第16話 フォルタビウス戦1

 翌朝、太陽がまだ顔を出していない時間帯に俺たちはデヴォンを出発した。前を行くのはライラの父、タイラーさんだ。未だ寝ている人の多い、デヴォンの庄を静かに音を立てないようにと街の出口へと向かう。


 庄の出入り口の近くまできたところで、嘶きが聞こえる。その声が聞こえた方に顔を向けると、オディゴがジッとこちらを見つめていた。どうやら起こしてしまったみたいだ。


「今日は山での討伐だから、お留守番だ」


 顔を撫でながらなだめてやると、不承不承とでも言いたそうにため息をついてから納得してくれて、そのまま二度寝体勢に移行した。その様子が人間染みていて何だか可笑しくて、俺はもう一度オディゴの頭を撫でてから庄を出た。


 ふり返ってオディゴを見ると、上体を起こしてこちらを見送ってくれている。それがなんでかとてもかわいくて、帰ってきたらしっかりと構ってあげようと思えた。


「なんっつーかその……余裕ですね」


 庄を出て、山へ行く道すがら、感心したような困惑したような顔でタイラーさんがこっちを見ている。


「そうか? 至って普通なんだが……」


「いや、あの、戦いの前に普通なのが凄いんじゃないですか?」


「そうだろうか? 俺としたらこう上手いこと気持ちを高ぶらせて、敵に力も技も心もぶつけてぶっ倒したり、気持ちで実力以上のナニかを引き出して格上を倒すジャイアントキル方がもっとすごいと思うんだが」


「そ、そんなことが出来る方もおられるのですか……」


 タイラーさんが驚いたように目を丸くした。その顔つきはライラそっくりで、親子なんだなと実感できる。

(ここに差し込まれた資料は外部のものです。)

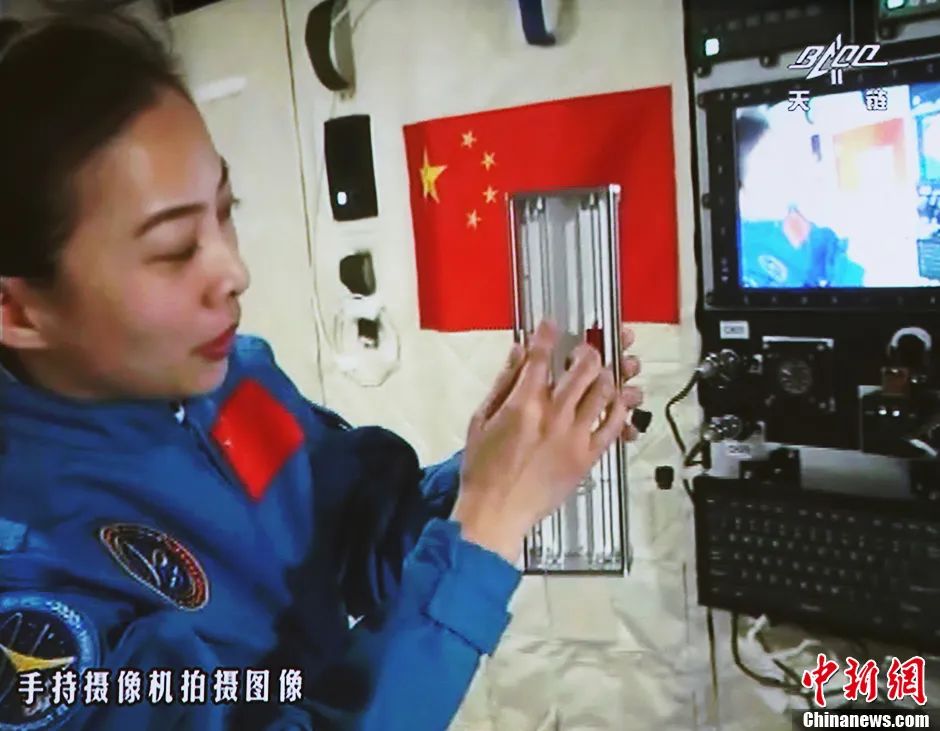 2013年6月20日10時許,神舟十號航天員在天宮一號開展基礎物理實驗,為青少年進行中國首次太空授課。圖為王亞平講授質量測量。中新社發 秦憲安 攝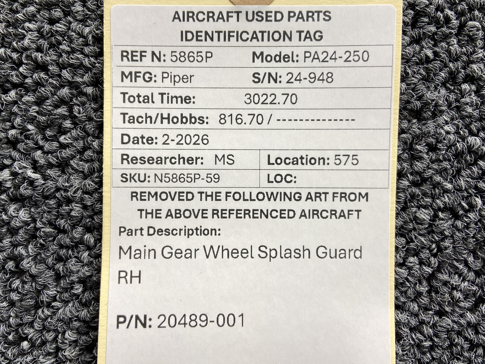 Unless specifically noted, most of our used airplane parts are sold in the condition they were removed, which means you should expect the usual signs of wear and tear.

「まあ結局、俺には戦うことくらいしか人より優れた部分がないからな」


 前世の知識で内政チートとか技術チートに挑戦したけど全部に失敗したし。


「いやぁ、そんなことはありませんって」


 カラカラとタイラーさんが笑う。


「黒騎士様ほど勇敢で、お優しくて、その上礼儀正しい御方なんざぁ、探すのも難しいと思いますぜ」


「そんなものかな」


「そんなもんでさ」


 話をしているうちに、山の麓についた。空は段々と黒が薄れて紫に、地平線の向こうは白く輝き始めて、もう間もなく夜が明けるのだと思わされる。山からは鳥のさえずりが響き渡り、もう森の中では生き物が起き始めているのだと察せられる。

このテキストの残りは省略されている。